1.2 STATEMENT OF THE RESEARCH PROBLEM
The lack of
an industrial sector in a country is widely seen as a major handicap improving
a country’s economy and power pushing many governments to encourage or enforce
industrialization. (Wikipedia, free encyclopedia). One of the problems
bedeviling the Nigeria economy is that of output from its industrial sector of
the economy. Admittedly, the decay in the manufacturing sector is the result of
diverse factors that conspire to render many industries comatose (ill). The
study is therefore necessary to enable a thorough investigation of the problems
of the industrial sector especially that of manufacturing industries and
various government agencies set up to provide credit facilities to the
industrial sector to ensure continual growth of this sector for rapid economic
development of this nation. In the light
of this exposition, the research work was guided by the following question.
1. What is the impact of industrial output on
economic growth of Nigeria.
1.3 OBJECTIVES OF THE STUDY
The broad objective of this study is to
examine the impact of industrial on economic
growth of Nigeria between the period of (1980 - 2009).
The specific
objectives includes,
1. To determine the impact of industrial
output on economic growth in Nigeria.
1.4 STATEMENT OF RESEARCH HYPOTHESIS
The
hypothesis of this study is stated as follows;
Ho: Industrial output has no significant impact on the economic growth (GDP).

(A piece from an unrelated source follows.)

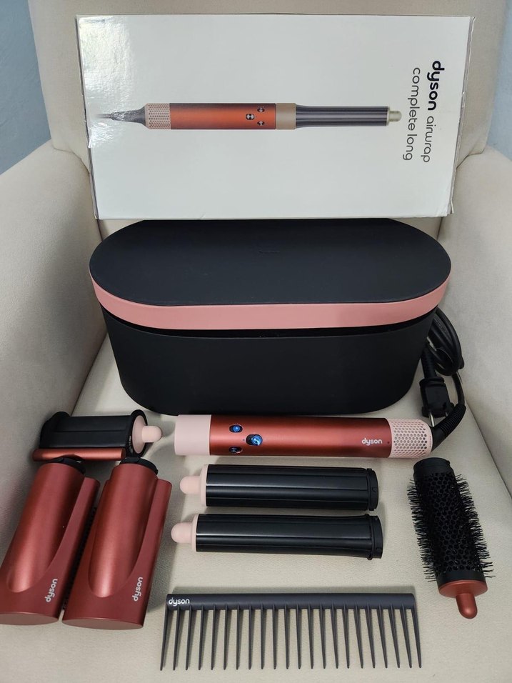 Dyson Airwrap saç şekillendirici seti, çeşitli başlıklarla çok yönlü kullanım sağlar. Koyu pembe ve siyah renklerde, saklama kutusuyla birlikte gelir. ♀️kapalı kuru jelatinli şekilde gelir

1.5 SIGNIFICANCE OF THE STUDY
The
significance of this study lies in the fact that the work will expose the
extent of which industrial output has contributed to economic growth in Nigeria
thereby highlighting some obstacles hindering increase in industrial output.
This work will be relevant to the government policies and entrepreneurs
directing them on industrial development plan. It adds to the already existing
literatur7e on industrial output in Nigeria.
Further
more, the work will assist potential industrialist, economist, investors and
other related users of this veritable material in this field of study. It is
interesting to know that industrial output is the shortest route to economic
development.
1.6 SCOPE OF THE STUDY
The
researcher tends to find out the impact of industrial output on economic
growth. The study covers a general contribution of manufacturing industries in
Nigeria toward the attainment of economic growth from (1980 - 2009)
1.7 METHODOLOGY AND SOURCES OF DATA
The
researcher made use of secondary data obtained from the publication of the
Central Bank of Nigeria, Central Bank of Nigeria statistical bulletin and the
annual report of accounts as well as resource materials from the library and
the internet.
The
analytical tools employed on this research include t-test and regression
analysis.
1.8 LIMITATION OF THE STUDY
A study of
this nature cannot be researched without encountering constraints, some of
which includes;
1. Finance: Financial constraint or
inadequacy was the major limitation for this research to gather materials,
logistics, etc.
2. Data :There was a problem of acquiring all
necessary data though the researcher had to rely on the ones available
3. Time : Time they say is money; while
embarking on this research work, the researcher was jointly attached to other
commitments as lectures, assignment, clearance in preparation for exams, etc.